Greve’s insights thus enable
supporters of various policies to choose more intelligently what mix of
national and state lawmaking and administration they should favor, depending on
their goals. A reader of Greve’s book might well come to the conclusion that
the best political course is to be opportunistic about federalism – as both
political parties are – rather than to strive for some kind of consistency.
(That, of course, is the opposite of a constitutional theory.)
But it seems to me that, whether one leans more to the free-market, limited government side, as Greve does, or to the redistributionist regulatory state, as some of his critics do, there are two aspects of Greve’s competitive federalism that should command more widespread agreement.
First, Greve’s federalism is more conducive to a diversity of policies. Ideologues who think their own views are simply best for everyone will have little use for Greve’s federalism, but those who think that there are a variety of reasonable approaches to policy questions will applaud. Let California be a high-tax, burdensome-regulation state, let Texas be the opposite, and we can see what the relative results are for the common good. Which ends up with better schools, more employment
opportunity, more immigration, and rising incomes? When policies touch on
moral-cultural matters, moreover, Greve’s federalism enhances freedom by
ensuring that when Americans vote with their feet, there will be more than a
dime’s worth of difference in the places where they may choose to settle.
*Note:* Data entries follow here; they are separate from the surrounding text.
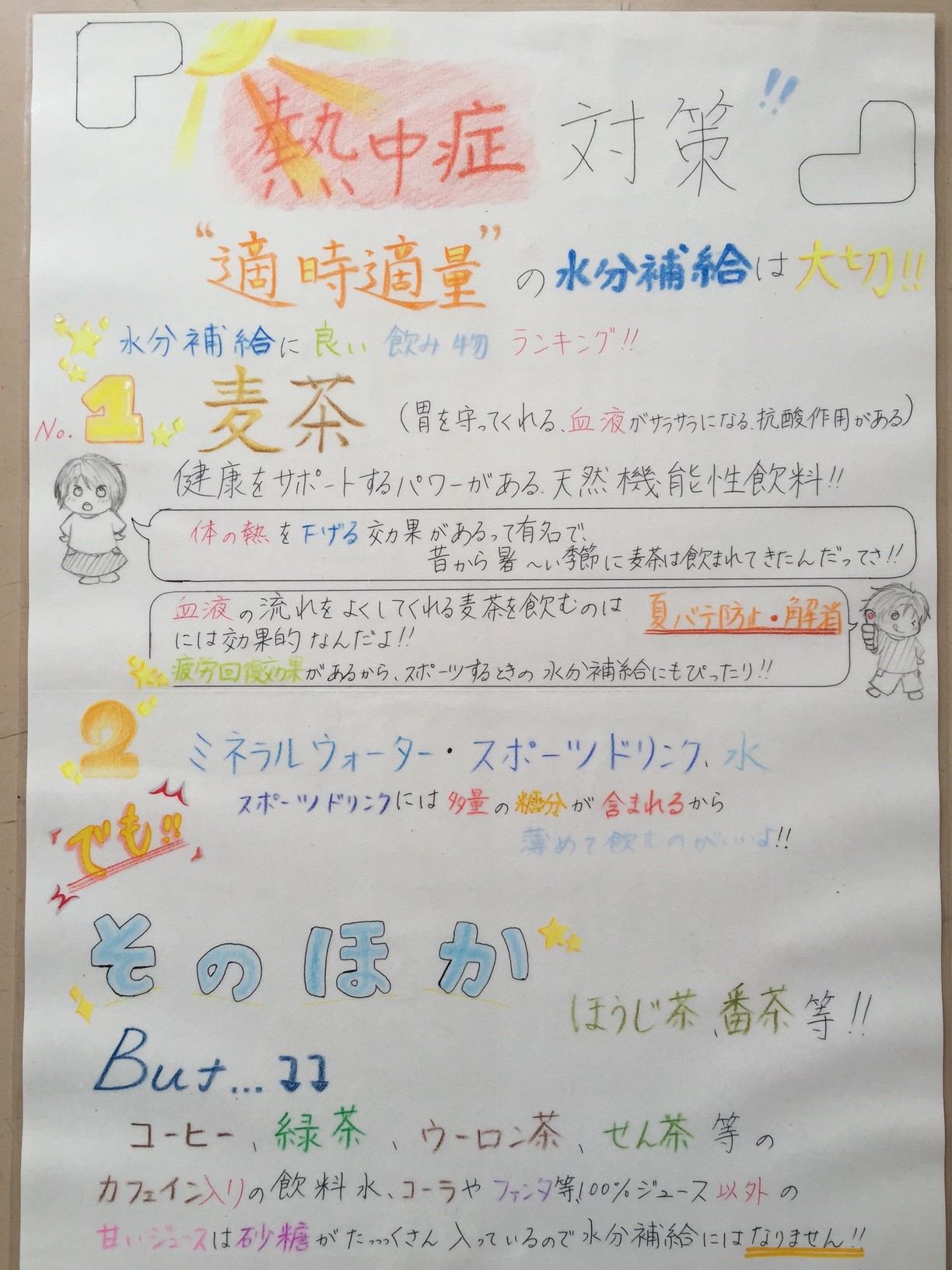 保健委員会では、熱中症についての学習を行い、それをもとに、学年や
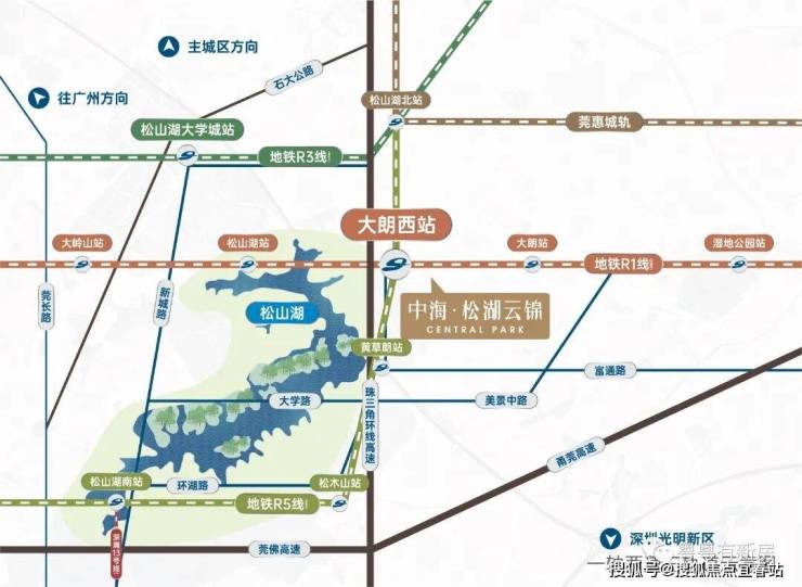 一轴:紧邻松湖东岸主轴松佛路,串联松山湖与主城的必经主干道;
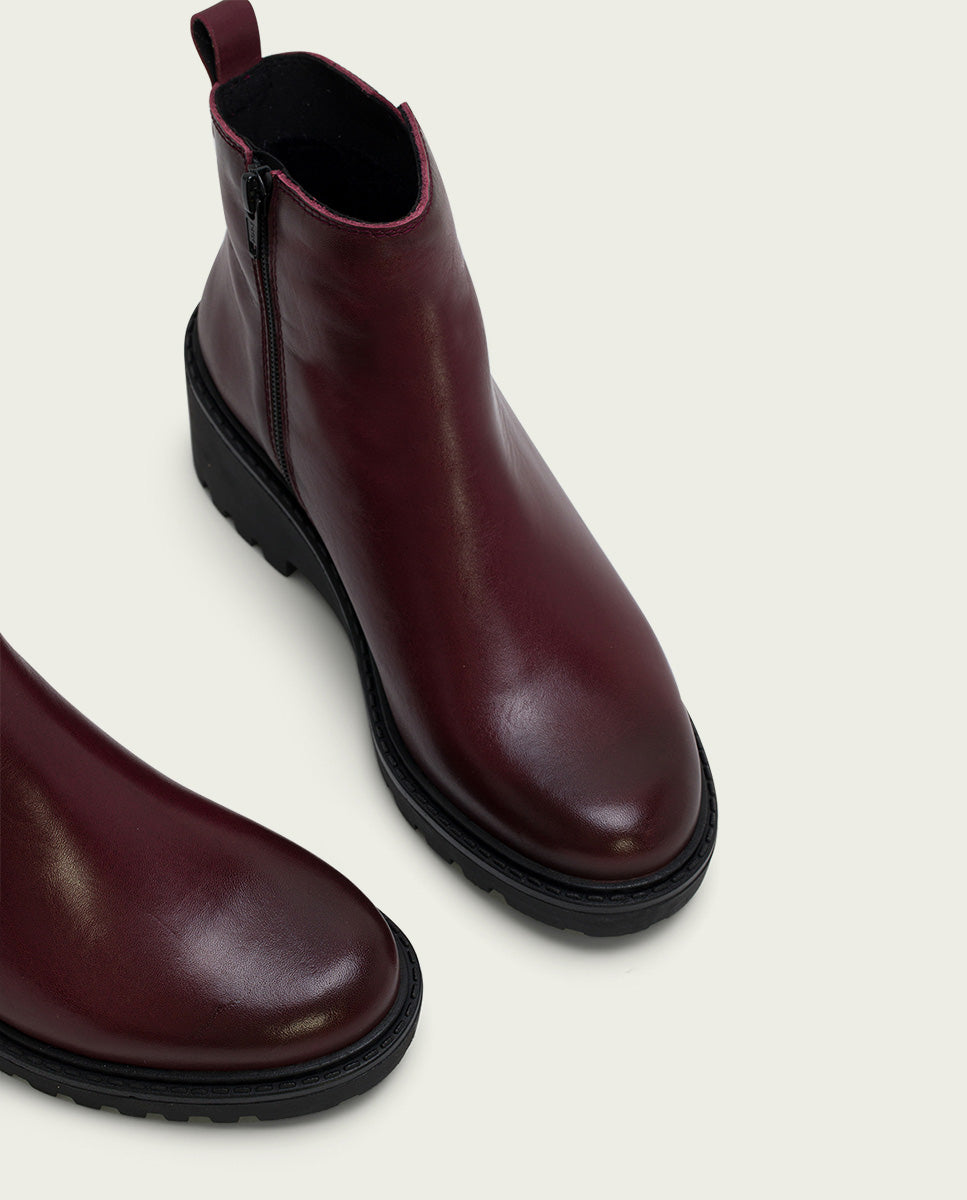 BOTTINES EN CUIR À TALON COMPENSÉ ET ÉCLAIR BORDEAUX ELENA
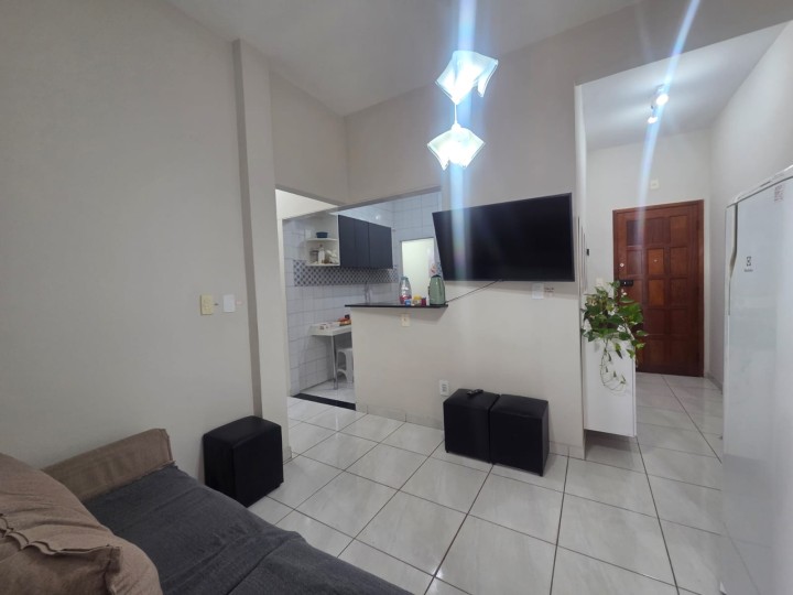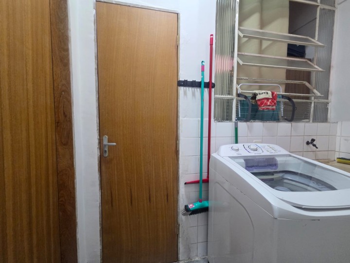 Apartamento amplo e equipado: com cozinha, banheiros e área de serviço compartilhados.
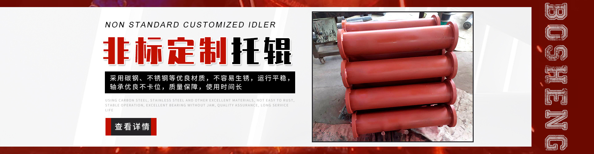 泰安博晟礦山機械有限公司位于山東泰安新泰市汶南鎮(zhèn)陳糧村。緊鄰京滬、京福、萊新高速公路。公路交通極為方便,環(huán)境優(yōu)美。公司主要生產(chǎn):托輥、托輥配件、托輥支架等皮帶輸送機配件。歡迎各界商友前來洽談考察。聯(lián)系電話:13954880316. 泰安博晟礦山機械有限公司采用國際標(biāo)準(zhǔn)設(shè)計、制造技術(shù),將托輥的設(shè)計和制造提高到了一個更高的水平,生產(chǎn)的托輥具有小的旋轉(zhuǎn)阻力,長的壽命,小的維修工作量和高的承載能力。鋼管采用托輥專用高頻焊管,管內(nèi)做去刺處理,圓度控制在特殊的公差范圍之內(nèi)。軸是按標(biāo)準(zhǔn)公差加工的冷拉鋼制造。軸承座采用進(jìn)口冷扎鋼板經(jīng)多次工藝沖壓而成。托輥管和軸承座被自動焊接機械手焊接在一起,形成一個具有很高強度的整體構(gòu)造。托輥軸承采用國內(nèi)外知名品牌的大游隙深溝球雙密封軸承,使托輥具有理想的靜平衡和動平衡,其旋轉(zhuǎn)阻力優(yōu)于國標(biāo)。托輥密封采用綜合國外和國內(nèi)迷宮式密封的特點進(jìn)行了專門設(shè)計,內(nèi)充耐高速高溫和超低溫抗氧化鋰基酯,有效防止雜質(zhì)、水、空氣對托輥內(nèi)部的侵蝕。 目前我們托輥系列產(chǎn)品有槽形上調(diào)心托輥組、槽形托輥、槽形下調(diào)心托輥組、承載托輥、緩沖托輥、回程托輥組、螺旋托輥、摩擦上調(diào)心托輥組、平行緩沖托輥組、平行上調(diào)心托輥、礦用托輥、煤礦專用托輥、梳型托輥、樹脂托輥、陶瓷托輥、橡膠托輥、錐形托輥、立輥等。規(guī)格:直徑50-219mm;長度190-2600mm。 泰安博晟礦山機械有限公司竭誠愿與廣大客戶合作,共同發(fā)展開發(fā)新技術(shù)新項目。泰安博晟礦山機械有限公司秉承

Second, Greve is surely correct that it is wrong by any measure to allow individual states with idiosyncratic views to compel the entire nation to conform, through such
mechanisms as mass tort litigation or regulation based on out-of state conduct.
Where markets are genuinely national and the costs of differentiation among
states insurmountable, it is probably better to nationalize standards, rather
than allow fifty tails to wag the dog. There are occasions when national
majorities should rule the entire nation and occasions where the various state
majorities should rule within their own states, but there are probably no
occasions where an individual state majority should rule the entire nation.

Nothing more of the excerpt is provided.